Phobias are classified in three groups under anxiety disorders: social phobias such as performance anxiety or fears of embarrassment; specific phobias such as fear of spiders or fear of heights; and agoraphobia, fear of leaving home. Phobias are extreme fears that interfere with daily life, are persistent and intense, and last over six months. There are over a hundred different phobias from fear of flying to nosocomephobia, fear of hospitals. The actual cause of phobias is unknown; however, children may learn phobias by observation, especially a family member's extreme reaction to an object or situation. Heredity and traumatic experiences can also influence the development of phobias. Phobias usually develop at a young age and are found more in females. An extreme fear, or phobia, usually provokes a panic attack and elevated heart rate. Phobias can lead people to seek social isolation, experience depression, and sometimes, substance abuse.
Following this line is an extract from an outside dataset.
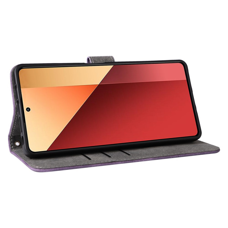 Descubra a nossa capa premium em pele PU para Xiaomi Redmi Note 14S / Note 13 Pro 4G / Poco M6 Pro 4G. Com uma função de carteira com 3 ranhuras para cartões e 1 para notas, oferece proteção RFID e uma prática função de suporte.
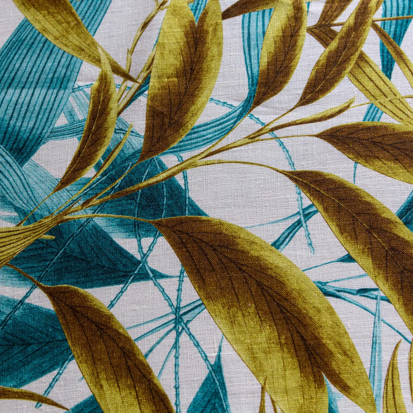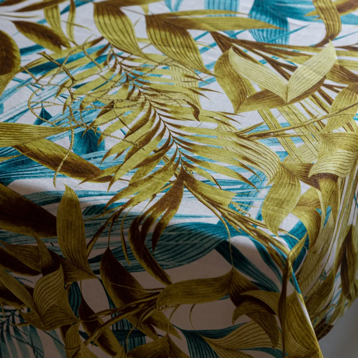 Eclectic and suitable for multiple occasions, this linen tablecloth is composed of a dense interweaving of yellow and turquoise palm leaves, strong contrast, and a unique impact that will give character and joy to your table. Available in different sizes. Please, ask the Concierge for further information.

They usually do not go away unless the person receives treatment.

Common treatments for phobias include, otherwise know as antidepressants and beta-blockers, which decrease physical symptoms by blocking adrenaline effects (rapid heart beat.) Phobias are sometimes treated with benzodiazepines, which help with relaxation. Other therapists use virtual reality or imagery exercise to desensitize patients. Cognitive behavioral therapy can help a patient understand the cycle of fear, its triggers, and reactions. Patients can help the therapist, and each other in group settings, to make a plan to change extreme thought patterns and behaviors.
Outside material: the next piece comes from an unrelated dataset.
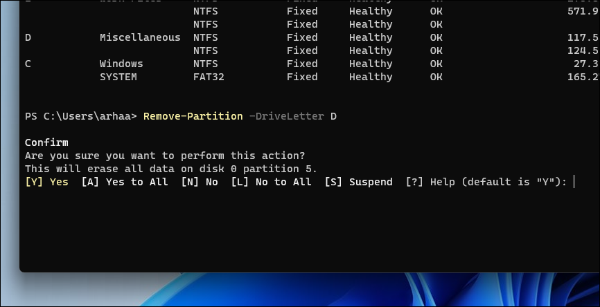 Remove-Partition -DriveLetter FNote: Replace F with the correct drive letter of the partition you intend to delete.

A treatment called Eye Movement Desensitization and Reprocessing is sometimes used, an eight-phase approach which processes stored memory. The client recalls the disturbing memory while focusing therapist-directed bilateral stimulation such as lateral eye movement, hand-tapping, or bilateral auditory tones. EMDR uses elements of psychodynamic, cognitive, interpersonal, experiential, physiological, and somatic therapies. Hypnosis and neurolinguistic programming are also sometimes used. Neurolinguistic programming is a psychotherapy that encourages successful patterns of behavior and thought patterns. It encourages self-awareness, effective communication, and change in mental and emotional behavior. Emotional Freedom Technique, an alternative psychotherapy, uses tapping on acupuncture points while the patient focuses on traumatic memories. Sometimes therapists suggest multiple treatments.
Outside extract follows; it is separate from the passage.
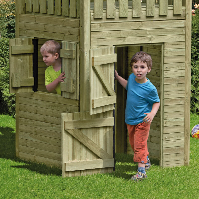 Wandelemente für Spieltürme Die Wandelemente für Spieltürme sind aus druckimprägniertem Kiefer- und Fichtenholz gefertigt. Das Set besteht aus insgesamt 4 Teilen, dazu gehören 2 geschlossene Elemente, 1 Fensterelement und 1 Türelement. Dieses Set bietet eine tolle Erweiterung für Ihre Spielanlage.

Prevention of phobias takes a few simple steps with children such as being honest about and not trivializing a child's fears. Let the child know that you are there to help overcome their fears by offering support. If therapy is needed, be sure to research reputable counselors. Encourage children to breathe deeply and repeat positive statements when frightened. Have them rate fears on a scale of 1 to 10 so fears appear less overwhelming. Examine your own fears if you feel that you are projecting them onto your child. You both can benefit from combined or family therapy with a specialized, understanding therapist who can develop a plan for dealing with or extinction of fears. Do not feel ashamed of your fears; sometimes, intuition is a powerful warning signal of issues that need work. We all have fears and have had fearful experiences. If yours are taking over your life, do not be afraid to ask for help.